**TASK GOAL:**
Beginning with the line that has "Grand Cru: The" and ending with the line that has "акценты на мебели.", retype the entries below exactly, except for the pictures.

** RECORDS SHOWN follows **

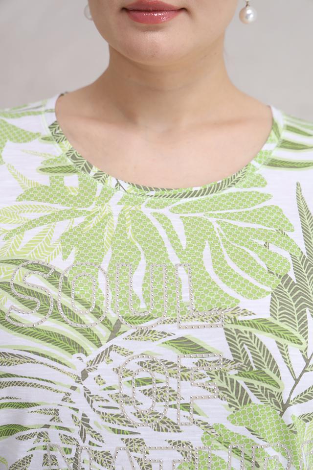 Блуза имеет свободный крой и короткие рукава, что обеспечивает свободу движений в жаркую погоду. Особенностью модели является яркий принт с изображением тропических листьев в оттенках зеленого и белого. Завязка на талии позволяет подчеркнуть фигуру и создать более женственный силуэт.
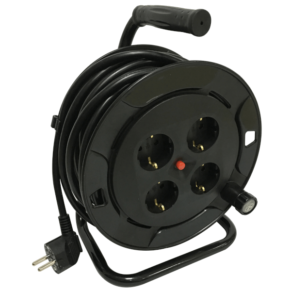 4 férőhelyes kábeldob 25 méter kábellel, fekete színben, túlmelegedés elleni védelemmel, IP44. Kábel: H07RN-F 3G1,5mm².
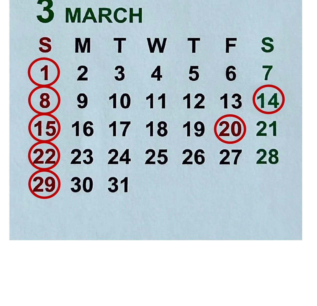 3月のお休みは通常通り、日曜、祝日、第2土曜日でございます。
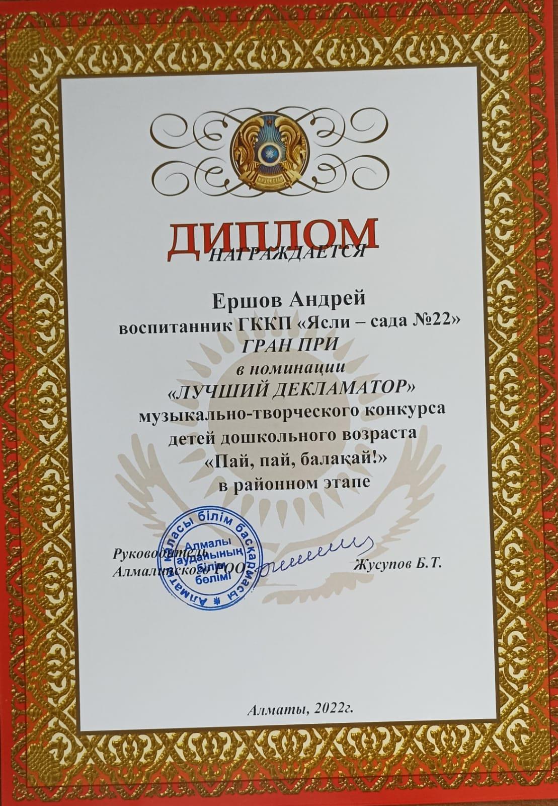 12 апрель 2022 0 1 2 3 4 5 "Пай,пай балақай!" Ершов Андрей воспитанник ГККП "Ясли - сада №22" ГРАН ПРИ в номинации "ЛУЧШИЙ ДЕКЛАМАТОР" музыкально - творческого конкурса детей дошкольного возраста "ПАЙ, ПАЙ БАЛАҚАЙ!" в районном этапе.
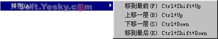 同一層的不同對象在工作區上是有上下的排列順序的,對于對象的上下排列順序可使用菜單欄中“修改—排列”下的命令進行調整,如圖3—30所示。
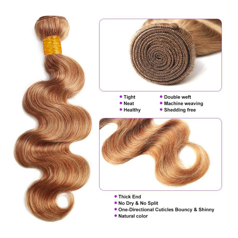Highlight Human Hair Bundles P27/30 Bundles Honey Blonde Body Wave Bundles Brazilian Virgin Remy Human Hair Extensions 22 24 26 Inch 2 Tone Honey Blonde Mixed Light Brown Bundles
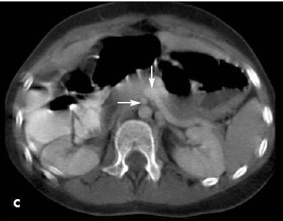 Axial CT images showed an appendicolith (A) and, 9 mm inferiorly, a tubular structure with intraluminal air and surrounding inflammatory changes in the left lower quadrant (B). These findings were consistent with appendicitis. Another view (C) showed that the superior mesenteric vein (SMV) (vertical arrow) joined with the splenic vein to form a portal confluence that rotated to the left of the superior mesenteric artery (SMA) (horizontal arrow). This finding was consistent with GI malrotation. The duodenal- jejunal junction was identified to the right of the vertebral column (not shown).
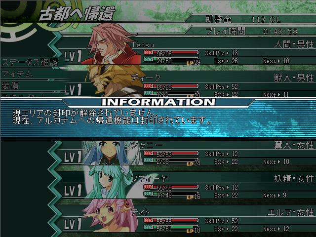 大森林のフロア3はループするのでそのままでは進めず、古都に戻って情報を集めることになる
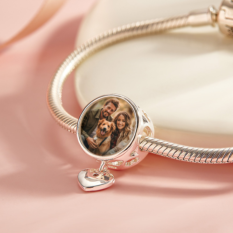 Aprecia el mejor momento de la familia con este colgante con foto grabable con huella de mascota, pata y amor. esta pieza tiene un adorable colgante de corazón. Puedes cargar una foto y la superficie lisa en la parte posterior del corazón también podría grabar el nombre o la fecha que deseas para crear una pieza de joyería única. Una adición significativa a tu pulsera.
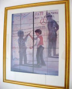 L’immagine di Cristo è esposta al cimitero di Torricella. Il ritratto di John Fante e gli altri quadri sono in mostra all’Hotel Capè. | The first art piece of Christ is on display at the Torricella cemetery. That of John Fante and the others are on display at the Hotel Capè. |
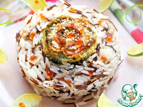 Готовый рис в пакетиках вынимаем из кастрюльки, даем стечься лишней воде и извлекаем рис, который подаем в качестве гарнира к мини-запеканкам из форели и шпината. Украсить по желанию.
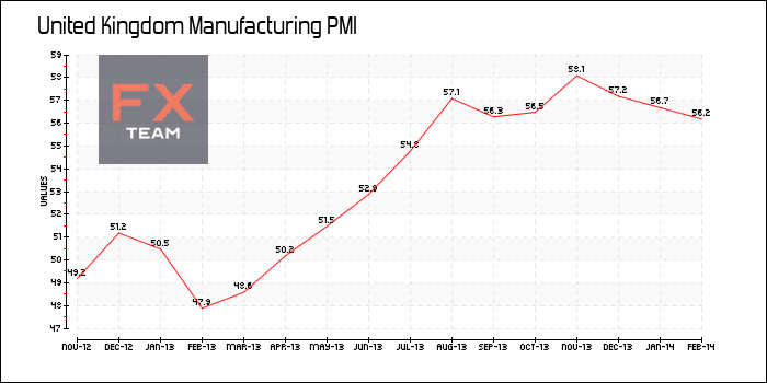 По данным исследовательской группы Markit, индекс PMI для производственного сектора Великобритании возрос до отметки 56,9 в феврале по сравнению с 56,7 в январе.
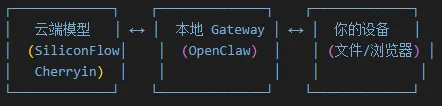 数据不出本地——隐私敏感操作(读文件、发消息)在本地完成 低延迟——没有云端中转,命令下发即执行 离线可用——模型可以切换,本地能力永远在线 成本可控——模型 API 按调用付费,没有平台抽成
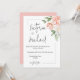 Scénario moderne magnifique et élégant avec les noms de mariée et de mariée et les informations de mariage de police simple lieu. Une petite épingle de fleurs roses, pêche et ivoire qui se drapent sur le coin supérieur droit, dans des aquarelles douces. Un romantisme pur. Terminé avec le script moderne Réception pour le suivi avec des lignes d'accent minces. Absolument beau.
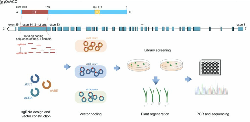 直播是水稻轻简栽培中最简化的种植方式,但是直播稻田杂草及杂草稻大量发生,极大限制了直播稻的发展。开发抗除草剂种质材料为稻田杂草防控提供了新的解决方案,对规模化作物生产极为重要。ACCase(乙酰辅酶A羧化酶)是芳氧苯氧丙酸(APP)类与环己烯二酮(CHD)类等多种重要商业除草剂的作用位点。许多杂草中,ACCase中羧基转移酶结构域(Carboxyltransferase, CT domain)中某些氨基酸的替换可赋予植物除草剂抗性。为挖掘水稻OsACC抗性位点,创制抗性材料,该研究针对编码OsACC CT domain的1653bp序列设计了141条sgRNA(NGG PAM),结合该研究组前期创制的两个高效保真CBE工具(eBE3和eCDA,(Qin et al., 2019))或按照已报道思路优化了前期构建的ABE工具(eABE)(Li et al., 2018; Li et al., 2019),分别构建了三个碱基编辑文库(下图)。理论上,编辑文库的窗口可对CT domain超1/3的序列实现覆盖(对eABE,窗口覆盖611-nt,含167可编辑的A和162 T;对eBE3,窗口覆盖788-nt,含165可编辑的C和192 G;对eCDA,窗口覆盖393-nt,含84可编辑的C和92 G)。在粳稻品种肥粳2020中分别导入三个文库,每文库取5000个转化愈伤在除草剂压力下筛选和分化4~8周后检测所获除草剂抗性事件。eABE文库共获25个抗性事件,除了一株植物携带I1879V替换外,其他多为前期已报道的C2186R突变(Li et al., 2018);eBE3文库所获三个抗性事件均携带W2125S突变;而eCDA文库并未获得抗性事件。进一步结果表明,I1879V突变在水稻正常生命周期中没有体现明显的负面效应,可能相对较适于进一步的性状改良,
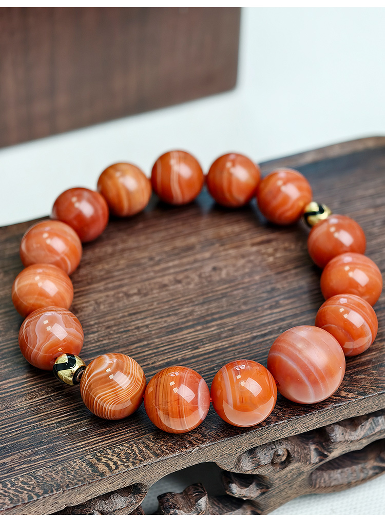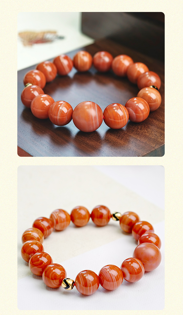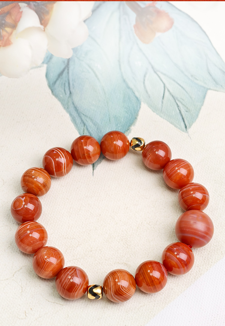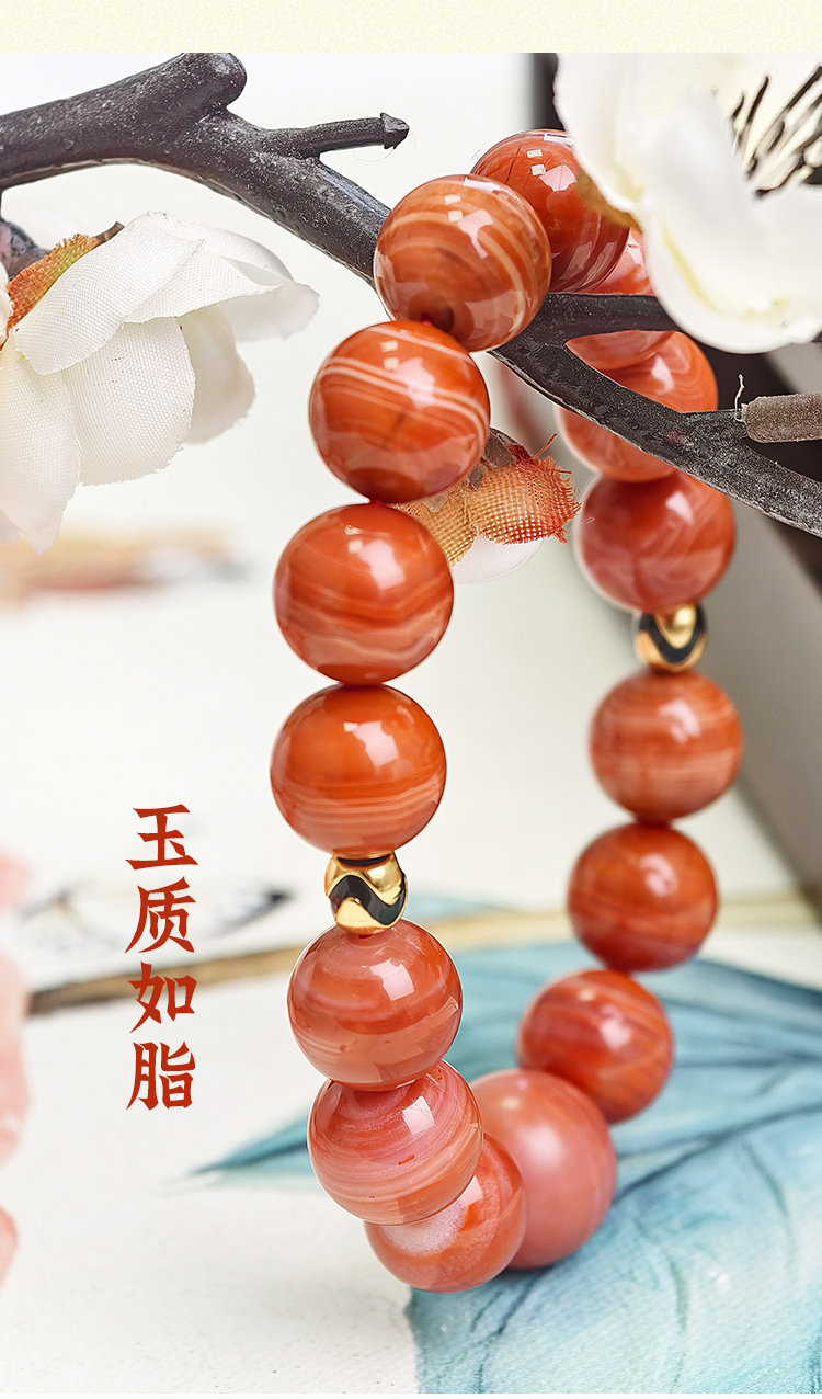 易祈吉祥天然南红玛瑙手串925银配饰手链文玩属火系列饰品送礼礼物
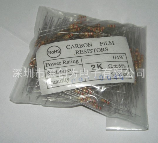 色环电阻 1/4W 2K欧 5%精度 500个一包 全新正品 5元一包
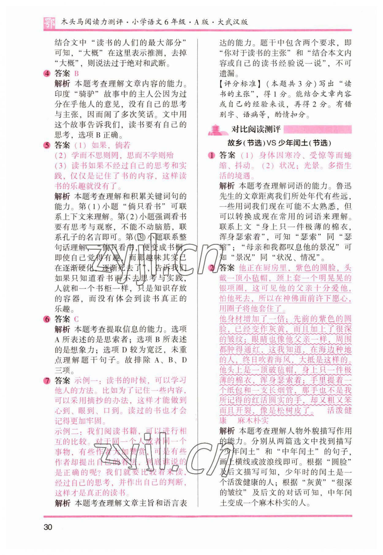 2023年木头马阅读力测评六年级语文A版大武汉专版
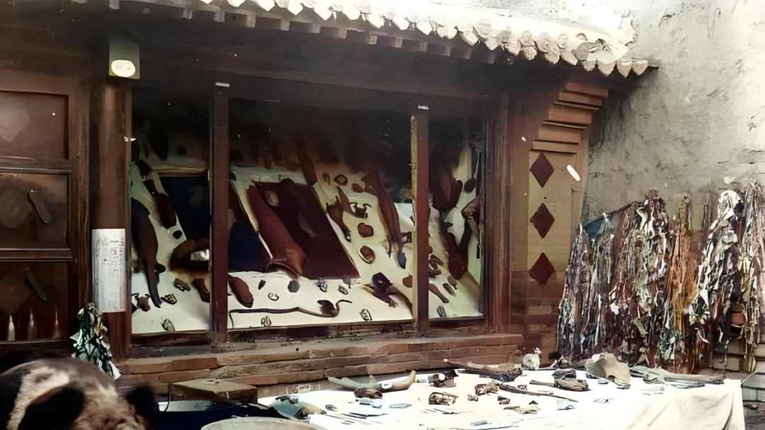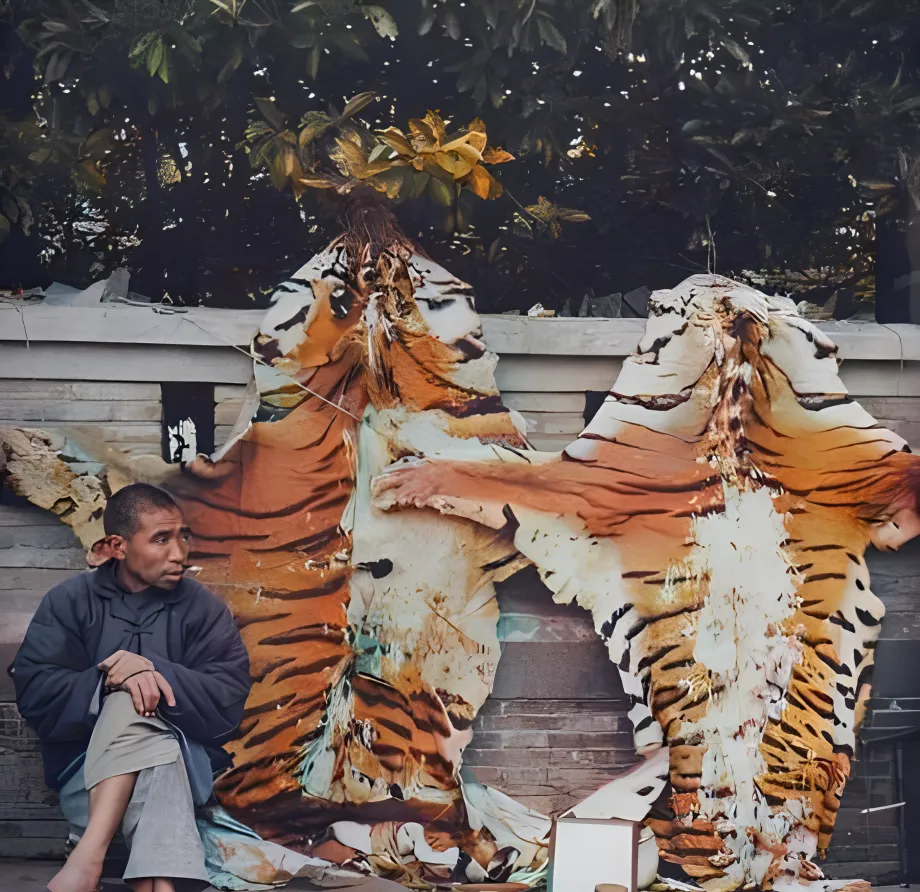 这个摊子好认,两张虎皮一左一右铺墙,纹路花得厉害,金黄里压着黑条,阳光一照油亮发光,地上还散着筋骨,摊主缩在凳上抽着风,眼睛却始终盯着来往脚步,老上海市声里,这一挂就是门面,豪客一来,手摸着毛顺着纹理往下抚,嘴里咂摸一句“真家伙”,如今讲生态保护,这一摊子在街上摆不了半刻,现在爱虎的人多了,街边留的是影楼里的仿皮毯子。
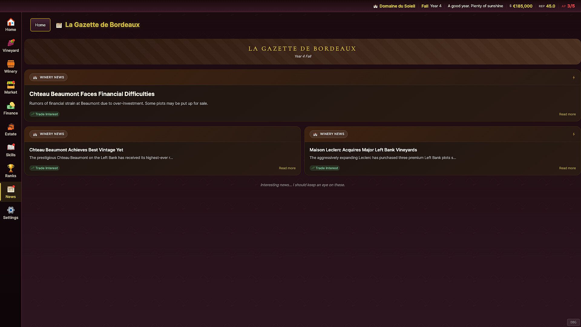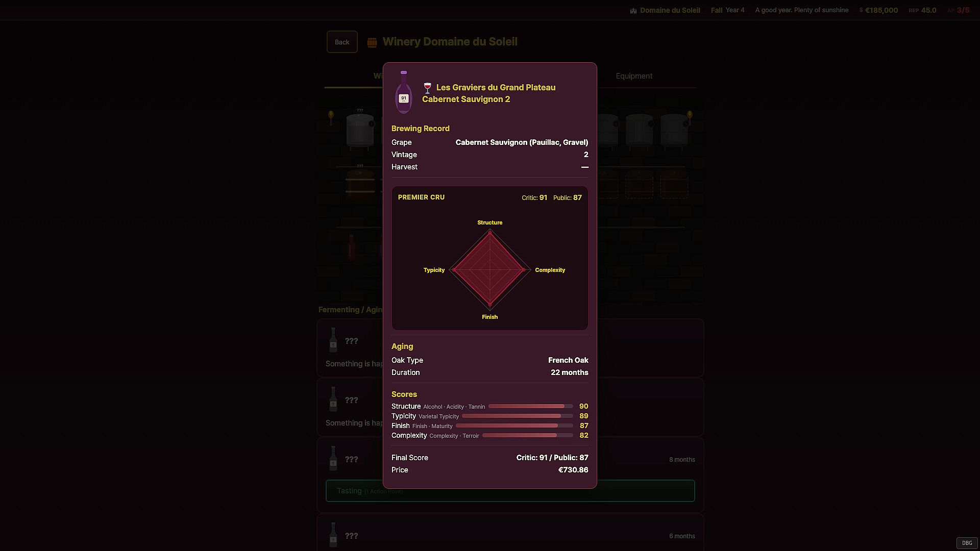 Grand Cru: The Winemaker is a deep wine estate management simulation set in Bordeaux, France. Start with a modest
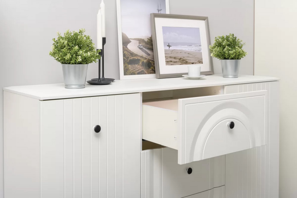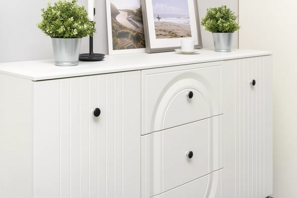 • Вся лицевая фурнитура металлическая, графичное и стильное сочетание черного и хромированных деталей эффектно расставляет акценты на мебели.
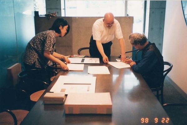 刷り上った銅版画とパッケージ表紙にもサインをする磯崎新先生。1998年8月からの一年間は磯崎新先生の版画制作が最も集中的になされた時期でした。
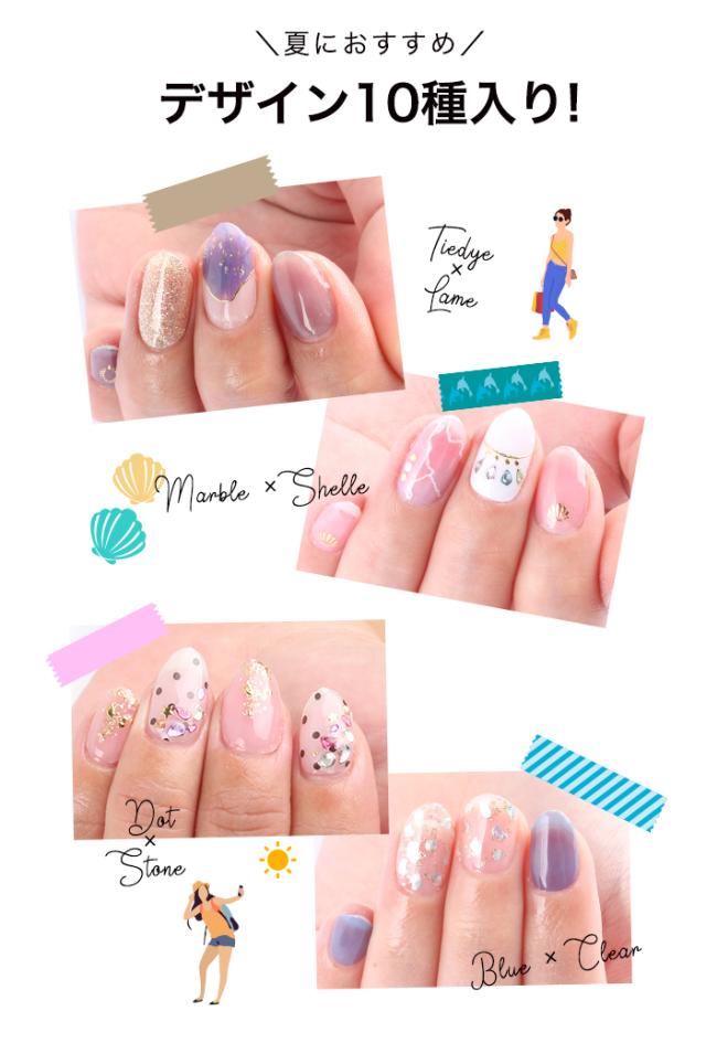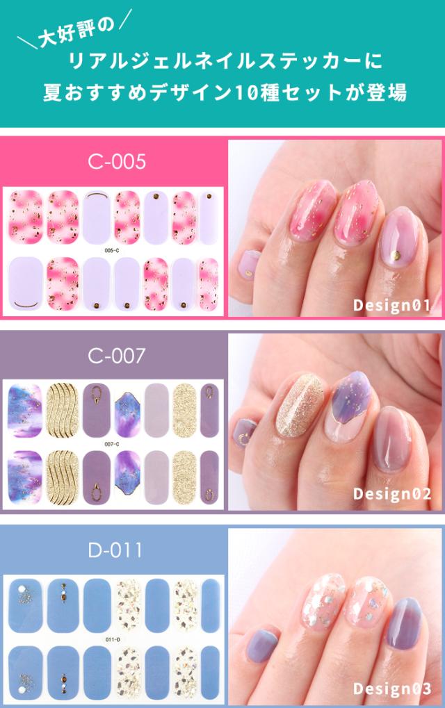 ジェルネイルシール メール便送料無料 [夏デザイン10種セット]貼るだけ!リアルジェルネイルステッカー | ジェルネイル セルフネイル ネイルシール ネイルステッカー ハンド 簡単 ジェルネイルキット 初心者 ネイル ネイル用品
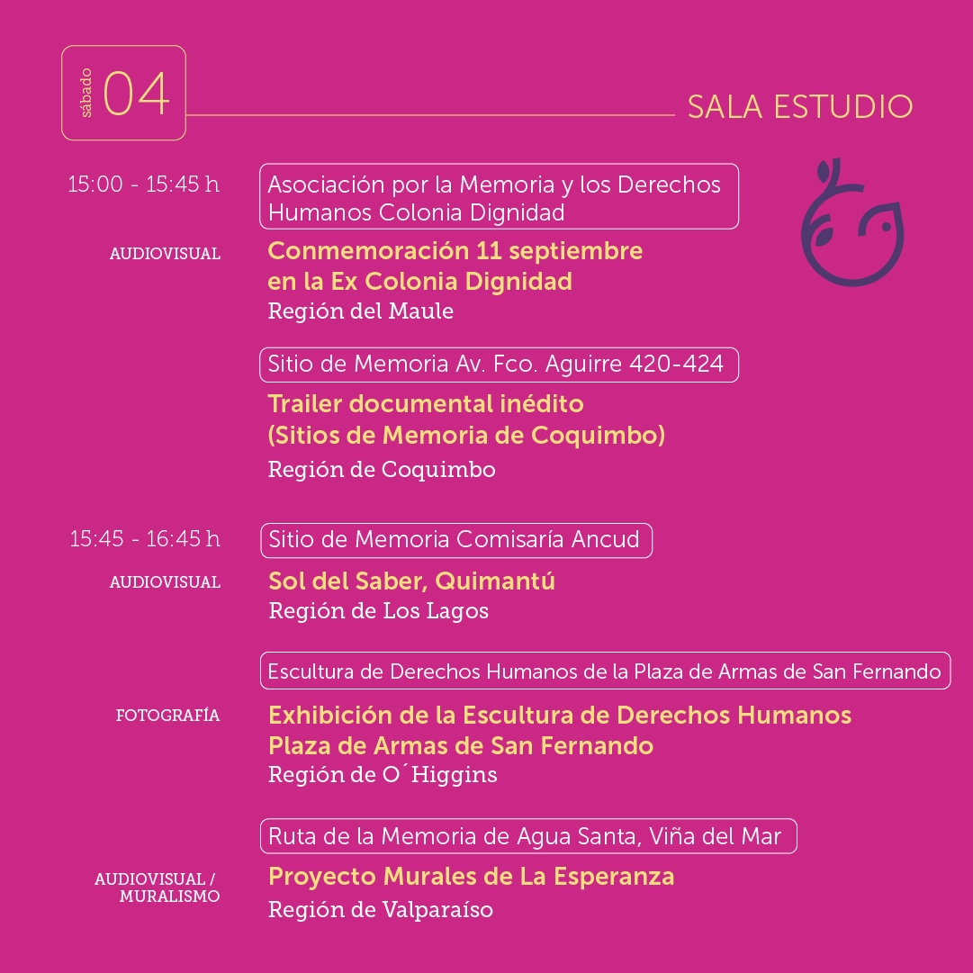 Esta cuarta edición, que por vez primera se desarrollará fuera de la Región Metropolitana, busca promover y visibilizar las producciones culturales generadas por agrupaciones de derechos humanos distribuidas a lo largo del país en el periodo 2015-2025. Con el foco puesto en la difusión y el intercambio, la reflexión y evaluación de las políticas públicas en torno al rescate de la memoria histórica de las violaciones de derechos humanos.
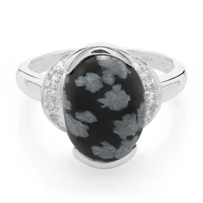 Einzigartiger Schneeflocken-Obsidian-Silberring, USA 3,31 ct

** End of RECORDS SHOWN **

**THE COMPLETED TASK:**
 Grand Cru: The Winemaker is a deep wine estate management simulation set in Bordeaux, France. Start with a modest
 • Вся лицевая фурнитура металлическая, графичное и стильное сочетание черного и хромированных деталей эффектно расставляет акценты на мебели.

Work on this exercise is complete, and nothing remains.